Canstar’s finance expert Steve Mickenbecker said there were 57 variable rate loans available with rates under five per cent.

“And while refinancing to the lowest rate loan in the market may not always be possible, there’s still a wide range of loans offering big savings,” Mr Mickenbecker said.

Since May last year, the Reserve Bank has lifted the official cash rate by 3.5 percentage points from the record low level of 0.1 per cent, pushing up monthly repayments for mortgage holders.

New data on advertised salaries should reassure the RBA that wages are unlikely to grow out of control and keep excessive pressure on inflation, building the case for a pause sooner rather than later.

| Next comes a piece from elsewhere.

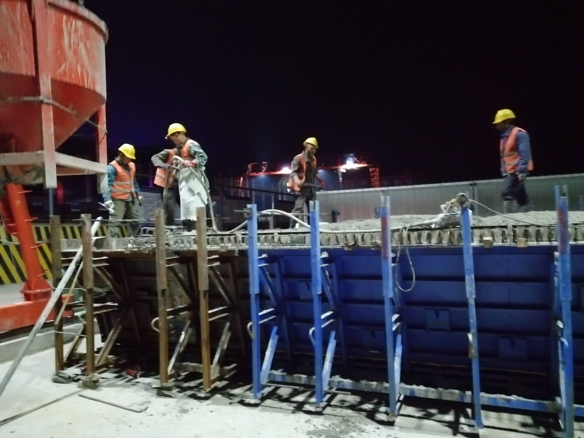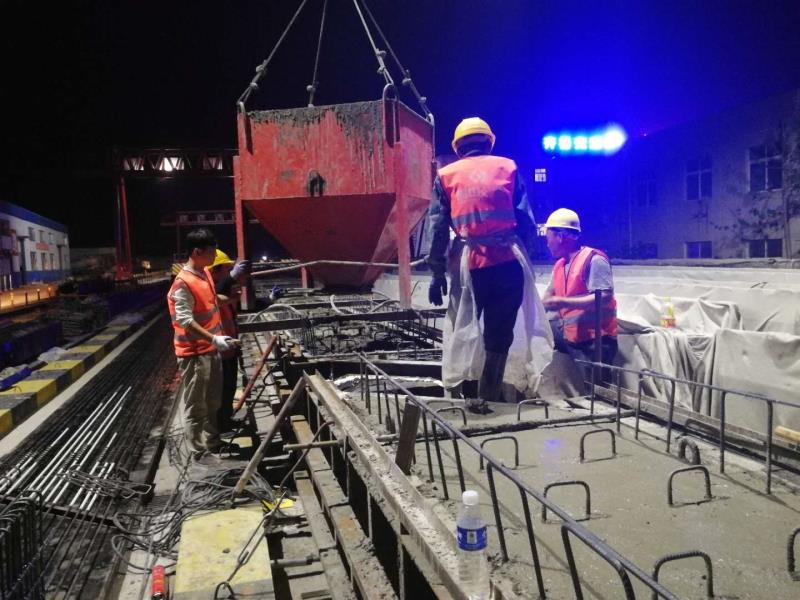 為了確保“春季百日大干”計(jì)劃產(chǎn)值如期、超額完成,項(xiàng)目部合理安排工序,進(jìn)行交叉作業(yè),充分利用時(shí)間,根據(jù)工序安排,夜間施工一般進(jìn)行的是鋼筋綁扎和混凝土澆筑。在忙碌一天后,夜間的施工隊(duì)現(xiàn)場管理人員要求極高,無論從質(zhì)量方面還是安全方面,都要付出更多的精力。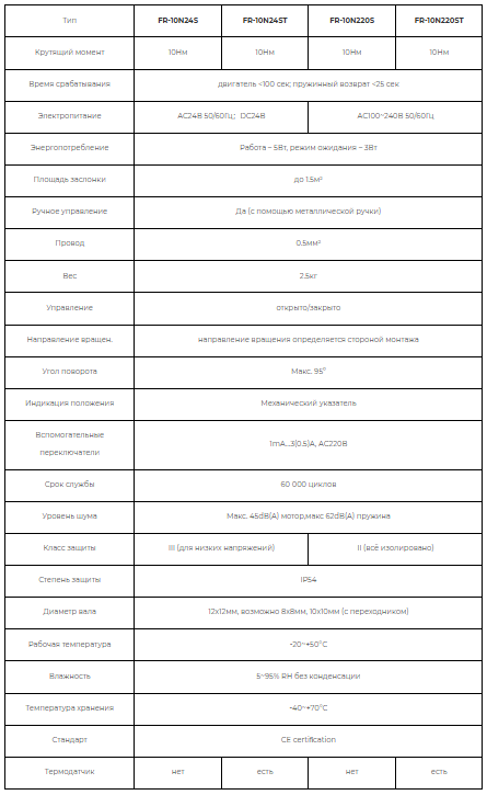 Линейка электроприводов включает в себя модели с крутящим моментом от 3Nm до 15Nm. Электродвигатель Mabuchi motor, используемый так же в электроприводах Belimo, обеспечивает надежность срабатывания.

SEEK’s advertised salary index revealed plateauing growth in pay packets offered to new hires in February.

The index, which measures the change in the advertised salaries on the platform’s job postings over time, recorded a 0.3 per cent lift over the month, and 0.8 per cent growth over the quarter.

On an annual basis, advertised salaries on the jobs marketplace lifted 4.5 per cent.

SEEK senior economist Matt Cowgill said average advertised salary growth was flattening out.

“The fact that advertised salary growth is not accelerating will reassure policymakers that we are not in a wage-price spiral,” he added.

But with advertised salaries falling well behind inflation, Mr Cowgill said workers would be struggling to make ends meet.

Despite cost of living pressures, growth in online retail sales accelerated in February.

NAB’s monthly index returned 1.3 per cent growth in February, following a 0.6 per cent uptick in January.

NAB chief economist Alan Oster said the return to monthly growth in online sales did not align with broader sales data, which was starting to track sideways.

On an annual basis, he said there was a milder contraction in February, which is a trend he expects to continue as elevated online spending habits sparked by COVID stop skewing the year-on-year result.

He said the largest category, homewares and appliances, continued to contract in year-on-year terms, and the share of categories such as takeaway food, games and toys, and media, grew as a share of the index.

“However, recent results in year-on-year change for takeaway food, and media, appear to be slowing from elevated levels,” Mr Oster said.

“Given the latest result for these categories, and pressure placed on discretionary categories, we will continue to monitor to see if these trends continue.”